When I arrived in Brazil, I had a rough outline of questions that I wanted to ask and a list of people that I wanted to interview. The interviews would have benefited from a strictly defined set of questions so that I could employ a more parallel structure in the film rather than having one person talk for an extended period. I felt like what I learned was essentially what I expected: that the position of privilege enjoyed by my extended family allowed them to pass through the dictatorship unscathed and made them sympathetic toward a leader who would protect their class interests (i.e. Bolsonaro). However, the lack of rigidity in the questions made it difficult to draw an explicit line between their experience during the dictatorship and their current right-wing sympathies, except for when they offered it up themselves.
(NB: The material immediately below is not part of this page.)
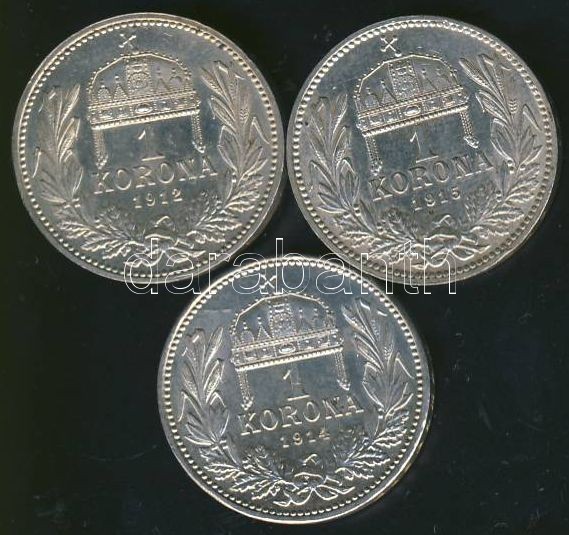 https://www.darabanth.com/en/145-Online-auction/145.0/Numismatics/Hungarian-metal-and-silver-coins~500099/1912-1915-1K-Ag-3x-klf-evszamokkal-T2-3~II431814

One of the most difficult aspects of this film was the editing. When I proposed the film I expected it to be around 15 minutes, which is about what it ended up, but I had to edit that down from approximately seven hours of audio. The result was that the film’s length depended on limiting my purview mostly to discourse on the dictatorship (with the exception of the final interview with my aunt, who was born afterward and provides a prime example of “ideological lineage”). As such, I discarded elements like the immigration of my great-grandparents from Europe, the religious qualities of my family, the circumstances around my parents’ immigration to the U.S., and more detailed opinions about contemporary politics. In each case, I was discarding an aspect that informed their ideology, and perhaps a different interview approach would have allowed more of those through-lines to appear in the film. As it stands, the outcome is a 15-minute film that I will explore submitting to competitions and festivals. Completing this film gives me good momentum, having allowed me to brush up on my editing and production skills, going into my Ph.D. program.

About the Artist

I grew up in suburban Maryland. Both of my parents immigrated from Brazil, and I had visited my extended family in Rio de Janeiro regularly until 2014. My parents fostered my interest in film since I was young, but I began exploring aspects related to history, aesthetics, and production when I was in high school. I came to Duke with the intent to study math, but this continued interest in film and a new interest in critical theory led to me the Global Cultural Studies major and the AMI certificate, whereby I was able to combine my desires for analysis and production. This fall I will begin a Ph.D. in Film and Media Studies at the University of Pittsburgh.